[携帯モード] [URL送信]

神様の言う通り!
----------
「っていうかさぁ、なんで服着てないの?」

高階の部屋に入って、俺はとりあえずベッドの上に腰をおろした。

聞こう聞こうと思ってたけど、高階は上半身裸で下もボクサーパンツ一枚という何とも恥ずべき格好をしてるんだ。
いや恥ずべき格好なのはむしろ俺の方だけど…

「……本番直前で、フられたから」

ベッドの上の服を着ながら高階が答える。フられたって…

「……えっ彼女来てたの?っていうか、別れたの!?なんで?」

「浮気したから」

高階のしれっとした答えに、俺は拍子抜けした。
わぁ、浮気性ってやっぱり本当なんだ…

「本番直前って……?」

「はぁ?わかんねぇのかよ、女の服を脱がせて、股を…」

「わ、わかった!!もうわかった!!」

す、すごい場面で浮気発覚したんだな…
服を脱いでるってことは、さっきまでここで高階と彼女が…

「う、きゃああっ!!」

自分が今ベッドに座ってることを思い出して、慌てて飛び上がる。
高階は怪訝な顔で俺を見つめていた。

「はっ早く、プリント!!」

「あぁ、ちゃんとやっとけよ?」

高階は学生カバンから5枚目のプリントを取り出した。

「あ、ありがと…」

……なんで俺が宿題やってあげるのにお礼言わなくちゃいけないんだ…
でも高階ってこっちが悪いって思わせる力がある。
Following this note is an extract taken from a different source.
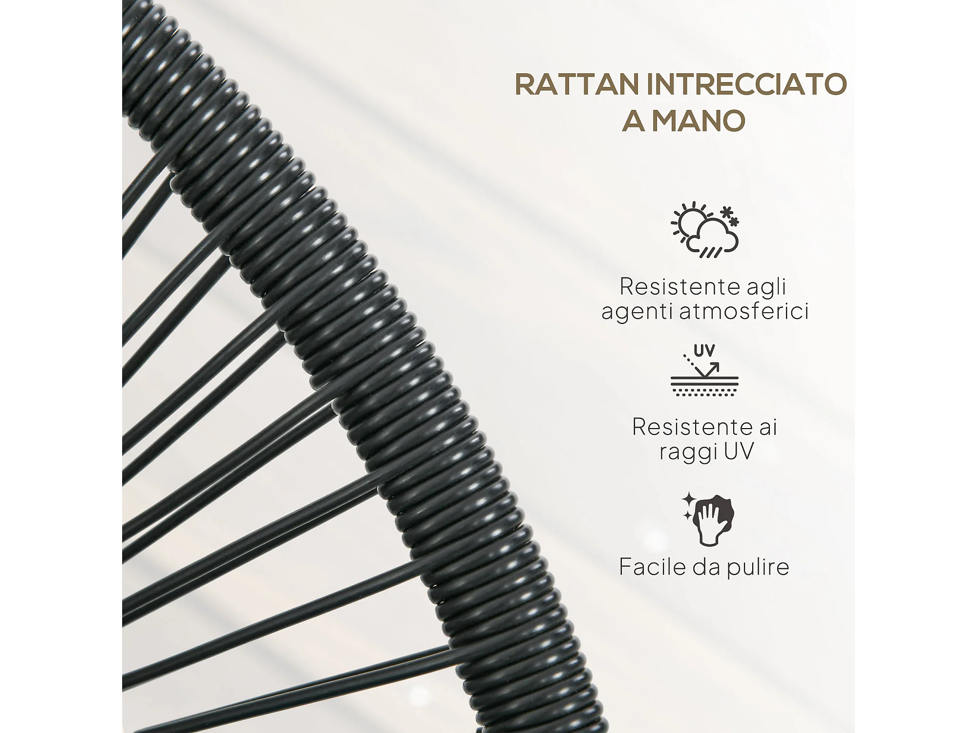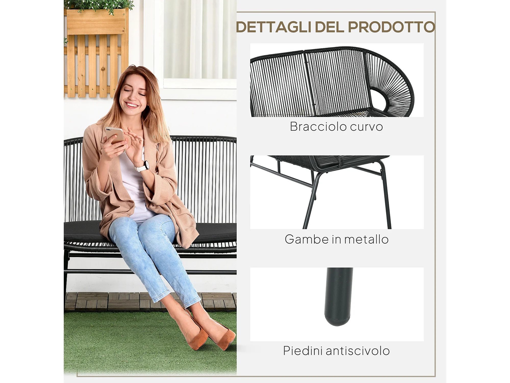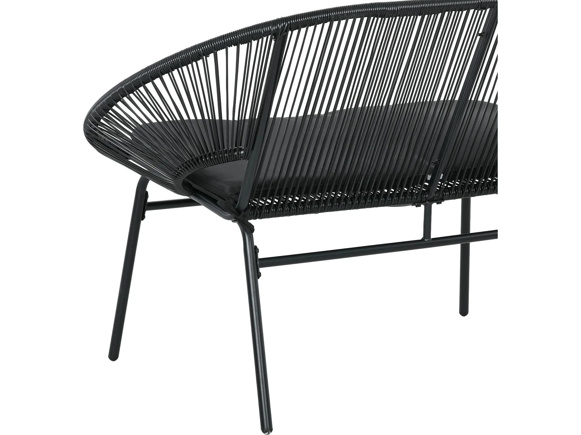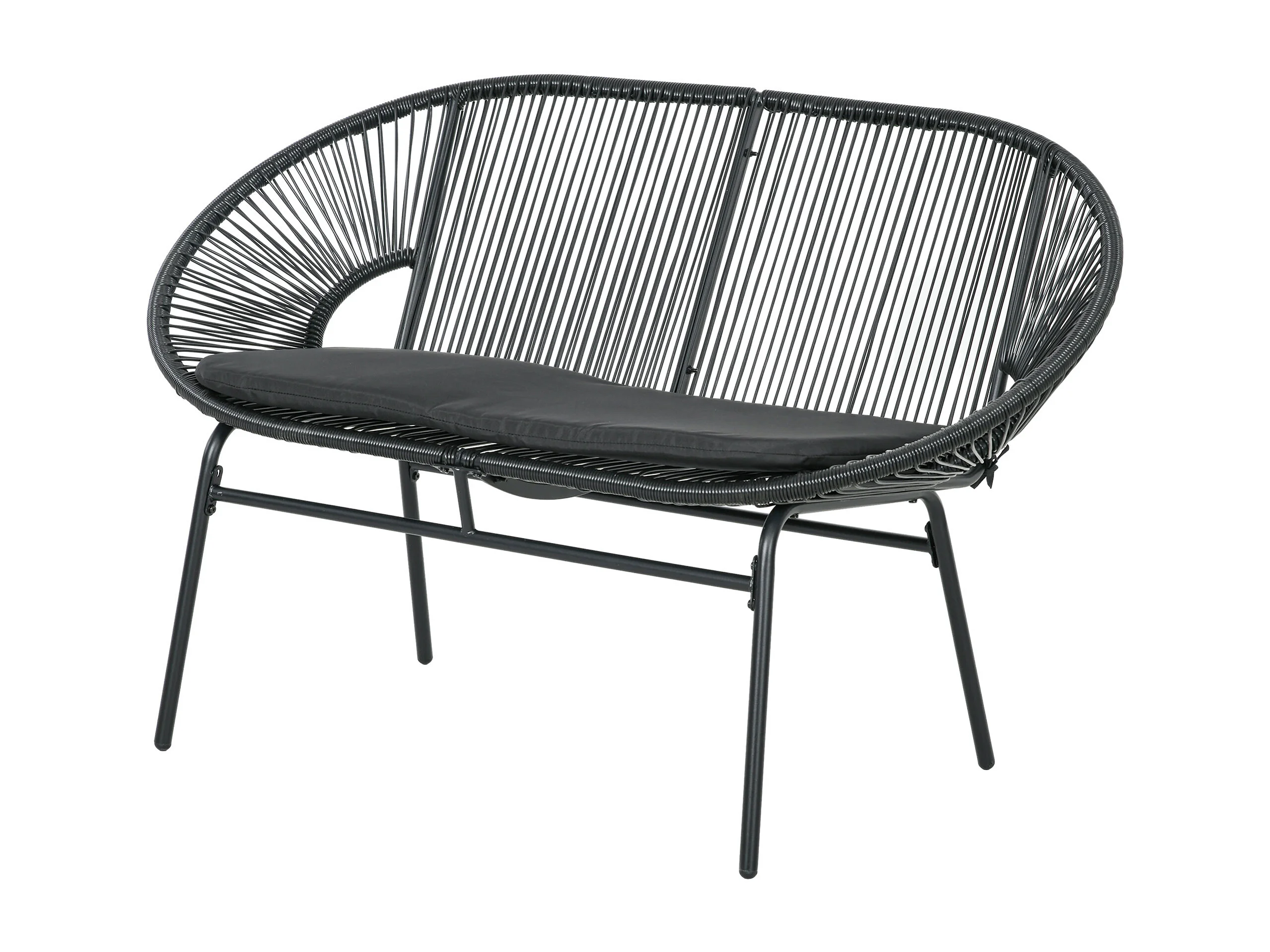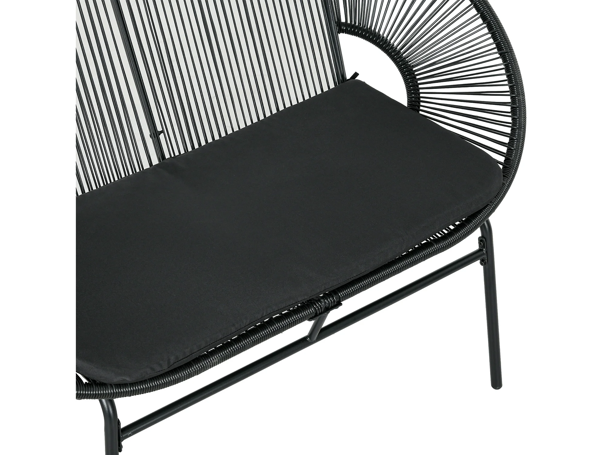 Divano da giardino 2 posti in rattan pe con cuscini nero

魔法使いかな……?

とにかく、もう高階に用はないし、早く帰って宿題やらなくちゃ…

「かーぐら」

部屋の出口に向かって歩きだすと、高階が急に肩を掴んできた。
肩をびくつかせて振り返ると、体ごと一気に後ろに引っ張られた。

「た、かっ……!?」

……えぇと…

なんだろうこの感触は。
唇に、なんか、柔らか…

……高階?

「……ん、んぅっ!?」

キスされてるー!?
ありったけの力で高階の体を引き離す。
高階は悪気0の顔で俺を見つめた。

「な……な!?……なっ…」

たぶん俺は「何するんだ」って言いたいんだと思う。
だけど頭がぐるぐるして言葉にならない。

しばらく口をパクパクさせていると、再び高階に肩を掴まれた。

あ、もう一回される…
急いで高階の体を突き飛ばそうとしたけど、間一髪間に合わなかった。

「ん……ふ、うっ…」

驚いてる間に高階の舌が俺の舌を捕らえる。
口の自由を封じられて、すぐに呼吸が苦しくなった。

い……い、やだっ!!

「……ってぇ…」

高階の口が離れて、俺は大量の酸素を吸い込むことに成功した。
見ると、噛まれた唇を触って俺を睨む高階。

「ど……どうしちゃったの?高階!!」

「……ムラムラしてたから」

あぁ、そりゃそうだろうな。本番直前で彼女にフられて……じゃなくて!!

「そ、それでも……俺は男だよっ?」

……わかってると思うけど…
自分が着ているスカートを見つめながらそう呟くと、高階に鼻で笑われた。

「な……何?」

「わかってるぜ?神楽、お前は男だ。そんで……俺の奴隷だ」

だからお前に、断る権利なんかねぇんだよ…

高階のその言葉に、背筋が凍る。

どうやら高階の命令は、お昼と荷物持ち、それから宿題……だけじゃないのかもしれない。

「俺がなんか、間違ったこと言ってるか?」

「……い、いや……高階の、言う通り……です…」

「何回も言わせんな。榊様と呼べ」

「……榊様の、言う通りです…」

どうなる、俺の高校生活。

[*前へ]
[戻る]


第3回BLove小説漫画コンテスト開催中
[小説ナビ|小説大賞]
無料HPエムペ!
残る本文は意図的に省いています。